One year after the declaration of the Caliphate of Al Baghdadi and nearly twelve months after the start of the bombings by the US and its allies, understanding what is really happening with the Islamic State (EI) remains an intellectually insoluble problem. And not because of the jihadi leaders, who are perfectly clear in their objectives and messages, but due to Western mental disability: rather than applying ourselves with analytical reliability, we let ourselves be carried away by ticks, desires and projections of our logic, with the result that looking to the Islamic State is the closest thing to getting on an intellectual roller coaster.

For example, when the CIA in 2013 was already paying some attention on what was then called the Islamic State of Iraq and the Levant, President Obama disdained their abilities by saying that its members were ‘children playing with professional t-shirts’. ‘ More recently, the Spanish intelligence has instructed our government not say ‘Islamic State’ but ‘DAESH’, Arabic acronym of precisely what we don't want to mention, as if by denying the name you could erase reality. Nevertheless, the media has not gotten tired of jumping from scare to celebration and vice versa: fall of Mosul in June last year; Kobani defence in January; and recovery of Tikrit in May; subsequent loss of Ramadi ...The ISIS wins, the ISIS loses, the ISIS wins again. From the youth league, almost innocuous, we have moved on to the feeling that you cannot militarily defeat the Islamic State.

Certainly, the campaign being led by Obama is doing badly. The first aim which was substantially degrading the Islamic State, has not been reached. Not to mention destroying it. In Iraq, the EI continues to rule almost the same area it did a year ago and although it has lost some of its ability to trade oil under their control, it still has more than enough financial sources; in Syria, it virtually controls half of the country and if it has not controlled more it has been due to the resistance of other jihadist groups, not to the actions of the regime or the coalition bombing.

In the field of propaganda, the Islamic State continues to gain ground: the number of international volunteers joining their ranks has not stopped growing. In fact, at higher rates than those killed by coalition attacks. Caliphate provinces have gone beyond the old borders of Iraq and Syria and extend today over the Sinai, Libya, Nigeria, Yemen, Saudi Arabia, Afghanistan and Pakistan. And they will not stop there, because the map of the Caliphate aims to recover all that used to belong to the Islam, including the Iberian Peninsula.

However, there is no need to despair. If the air campaign is not going well it is not because it is only military, it is doing poorly simply because it is totally insufficient. Over a year, the total number of air sorties have been lower than those carried out in a week in the Gulf War of '91, or in two weeks of NATO action in Kosovo.

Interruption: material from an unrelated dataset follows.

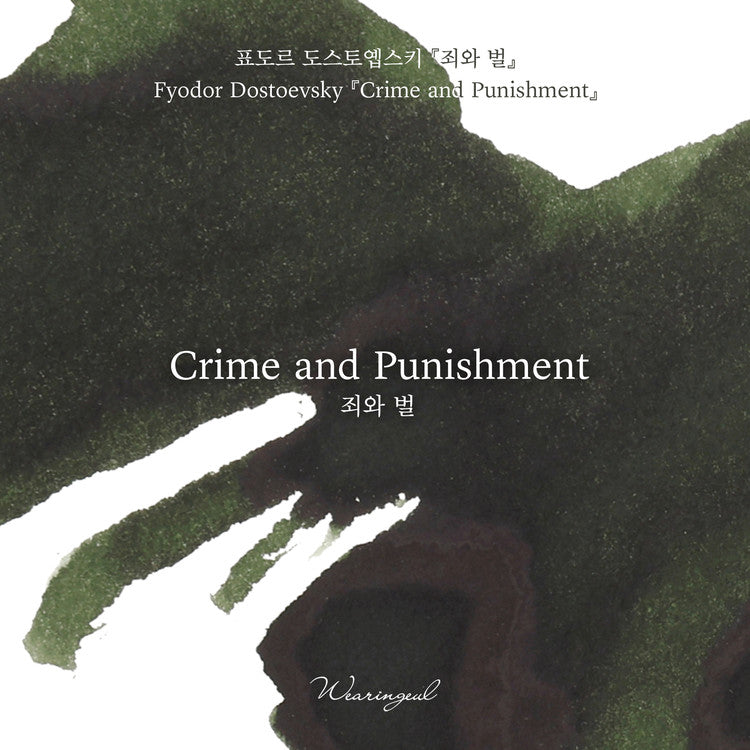 A dark, muted green ink with a deep reddish-brown edge, reflecting Raskolnikov's crime committed under his own justification and the guilt that follows.

It is insufficient because it is an undeniable fact that wars are not won solely from the air, you have to take the enemy's territory and control it. Obama has preferred that the Iranians do this work (given the failure of the Iraqi army), but sectarian differences are slowing down their potential success. And it is also insufficient because it is not by addressing once and for all the problem of radicalization of young Muslims in our land.

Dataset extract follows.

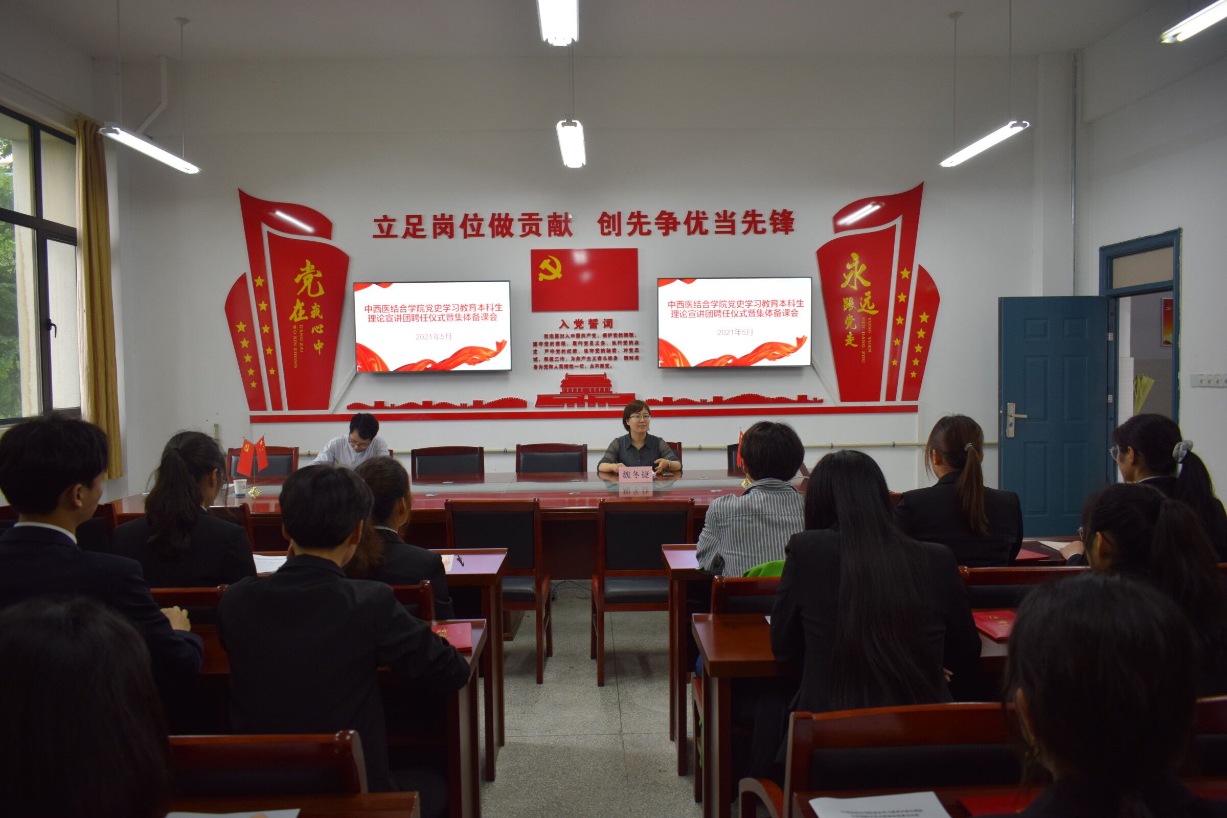 聘任仪式后,宣讲团进行了第一次集体备课。刘海霖、吴欣仪、李红悦、李思源、樊馨悦五位同学进行了示范宣讲,指导老师魏冬捷教授分享了自己的宣讲经历、传授了宣讲技巧,要求同学们精准把握宣讲对象、熟悉宣讲内容和宣讲主线,做到政治性与学术性相结合,创新宣讲形式,切实提高宣讲的实效。

A change of strategy is urgent. The first thing is to accept that the Islamic state is just that, a State, and Islamic. The second thing is to end the perception that IE is the winning horse in this race. And to do that we must shrink its territorial power, with more bombing and ground troops. If their victories have given it its broad appeal and strength, we must generate losses that weaken it, because as Bin Laden said, nobody bets on a horse that is losing.

It is not a matter of time as American leaders say; it is a matter of intensity. And time is not on our favour.